Under the one-drop rule, a person with even minimal African ancestry (one drop of black blood) was considered black. In the Jim Crow South, such people were denied the rights and opportunities accorded to whites — unless they had sufficiently light skin and Caucasian features to conceal their African ancestry and “pass” themselves off as white.
Racial “passing” still takes place today, University of Vermont sociologist Nikki Khanna reports in a new study, but in different ways. Light-skinned people with African ancestry might pass themselves off as white or as black, depending on the situation. And biracial people with one white parent and one black parent are more likely for various reasons to identify themselves as black and even to conceal their white ancestry, Khanna said.
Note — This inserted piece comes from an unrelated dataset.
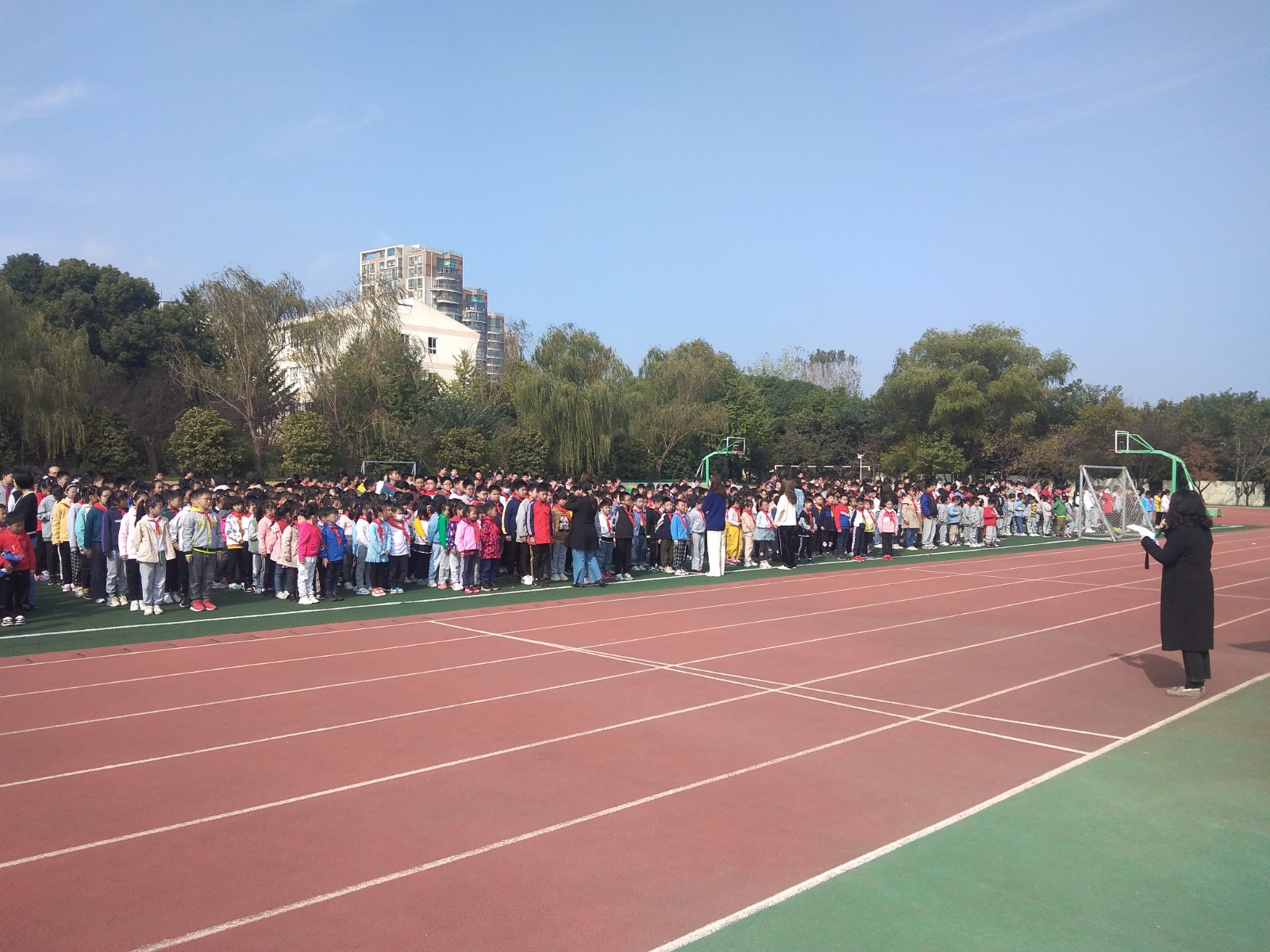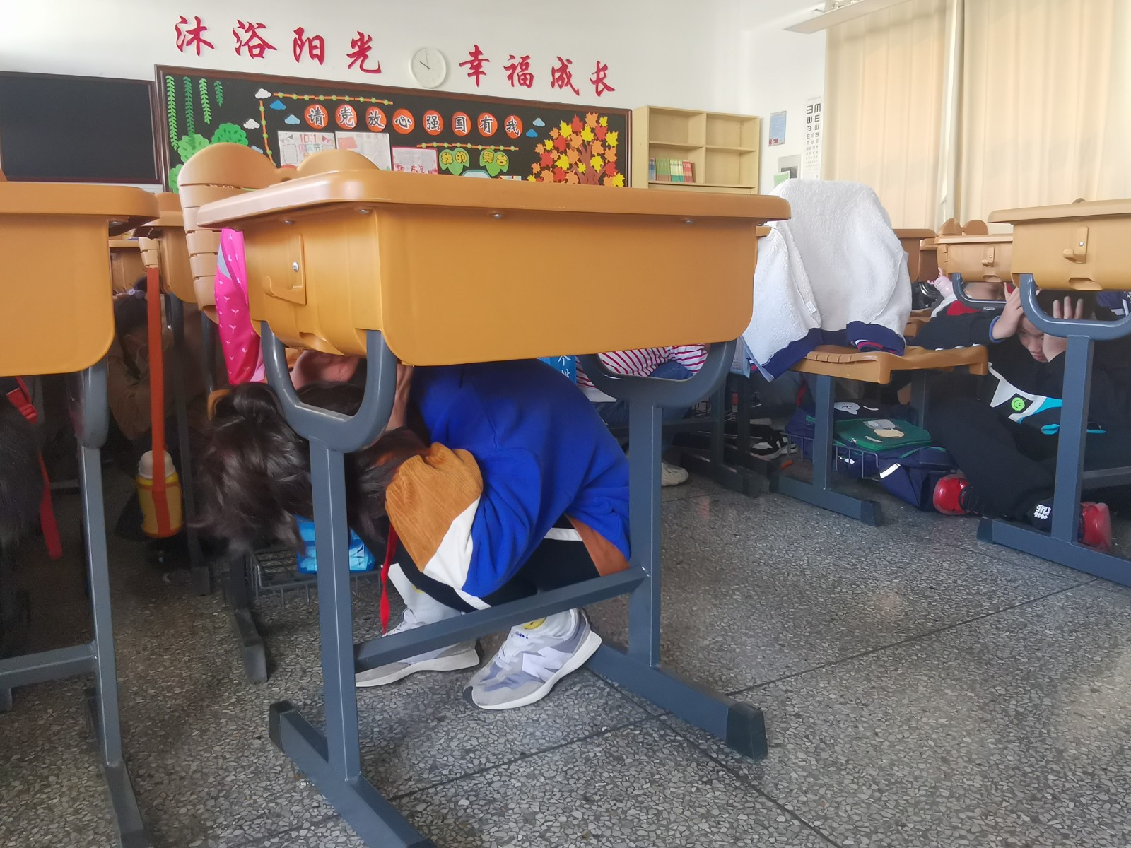 10月26日上午10点,南京市太阳城小学全体师生进行一次防震疏散演练。经校长室、总务处的精心组织,周密安排,各层楼梯和走廊负责的老师以最快的速度到达所在的岗位,并按照各岗位的职责积极组织学生疏散工作,本次演练总共用时4分05秒,基本符合要求。

A person’s racial identity is determined not just by society; it also can be self-defined. Even people who regard themselves as biracial often are inclined to pass themselves off as monoracial, Khanna reports in an article, co-written with Cathryn Johnson of Emory University, published recently in Social Psychology Quarterly.
“While passing during the Jim Crow era involved passing as white,” they write, “we find a striking reverse pattern of passing today — only a few respondents situationally pass as white, while the majority of respondents describe situations in which they pass as black.”